Given material —
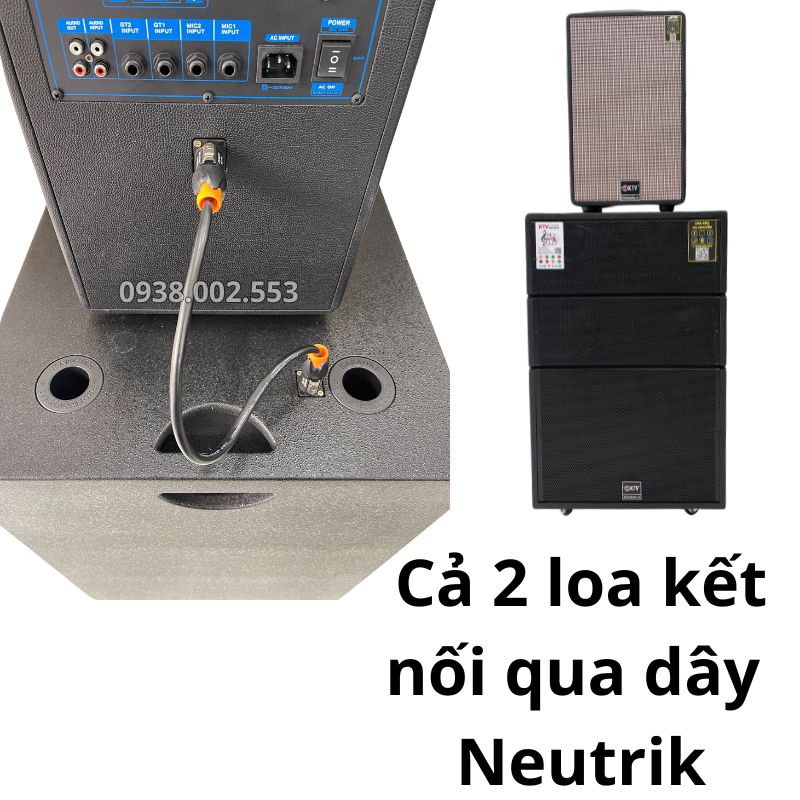 Loa kết nối với nhau thông qua dây Neutrik để tạo ra chất âm hay và công suất lớn nhất có thể để phục vụ nhu cầu ca hát nghe nhạc. Nếu các bạn muốn mang loa đi chơi du lịch, có thể tháo rời loa nhỏ phía trên và sử dụng như 1 chiếc loa thực thụ.Với bình Acquy 12v 24Ah thời lượng sử dụng của cả 2 loa khi kết nối từ 4 - 8 tiếng tùy công suất, còn chỉ sử dụng 1 loa trên thì thời lượng sử dụng khá là lâu.
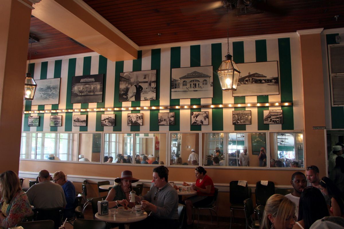 Café Du Monde – As much as I like the underdogs, CDM won the Beignet war by a small margin. Great texture, not too daughy, not too airy, just perfectly executed Beignets. The lines for seats look longer than they actually are. The lines for takeout look exactly as they are. Get a table, order the amazing Café au lait, Beignets (the only thing they have) and take your time to enjoy this one. Unless you’ve been living under a rock, or trying to pass a town not supported by Chris Christie, you probably already know about Café Du Monde, one of the greatest American institutions. BTW, once you are in looking for a table take a peak inside the building and try to grab seats there. Even while sitting out, take a look at the scene inside.
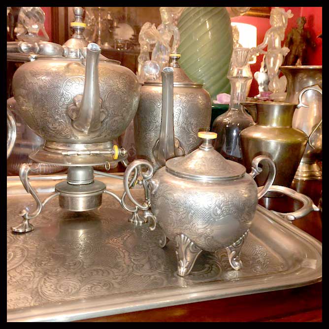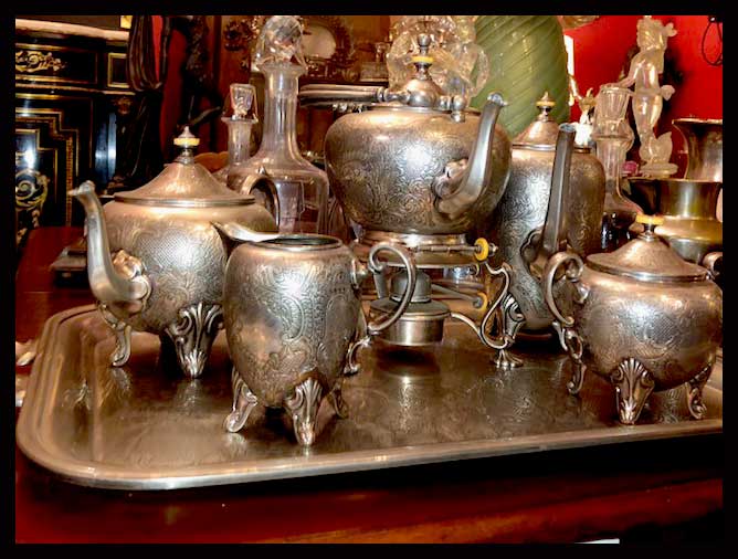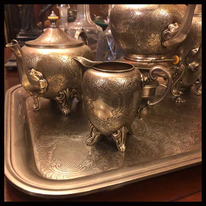 El té se introdujo desde China a Inglaterra a mediados del siglo XVII. Con esto, comenzó a desarrollarse toda una moda en torno a la forma de consumirlo. Era un producto extremadamente caro que se guardaba en cajas con llave. Recién a fines del siglo XVIII se hicieron populares los servicios completos de té.Este es un completo juego de té con su bandeja original, todo de plaqué.

Task brief — Give again, exactly, the lines from the start of the data through the one holding "Café Du Monde –"; omit the pictures.

Result of this task —
 Loa kết nối với nhau thông qua dây Neutrik để tạo ra chất âm hay và công suất lớn nhất có thể để phục vụ nhu cầu ca hát nghe nhạc. Nếu các bạn muốn mang loa đi chơi du lịch, có thể tháo rời loa nhỏ phía trên và sử dụng như 1 chiếc loa thực thụ.Với bình Acquy 12v 24Ah thời lượng sử dụng của cả 2 loa khi kết nối từ 4 - 8 tiếng tùy công suất, còn chỉ sử dụng 1 loa trên thì thời lượng sử dụng khá là lâu.
 Café Du Monde – As much as I like the underdogs, CDM won the Beignet war by a small margin. Great texture, not too daughy, not too airy, just perfectly executed Beignets. The lines for seats look longer than they actually are. The lines for takeout look exactly as they are. Get a table, order the amazing Café au lait, Beignets (the only thing they have) and take your time to enjoy this one. Unless you’ve been living under a rock, or trying to pass a town not supported by Chris Christie, you probably already know about Café Du Monde, one of the greatest American institutions. BTW, once you are in looking for a table take a peak inside the building and try to grab seats there. Even while sitting out, take a look at the scene inside.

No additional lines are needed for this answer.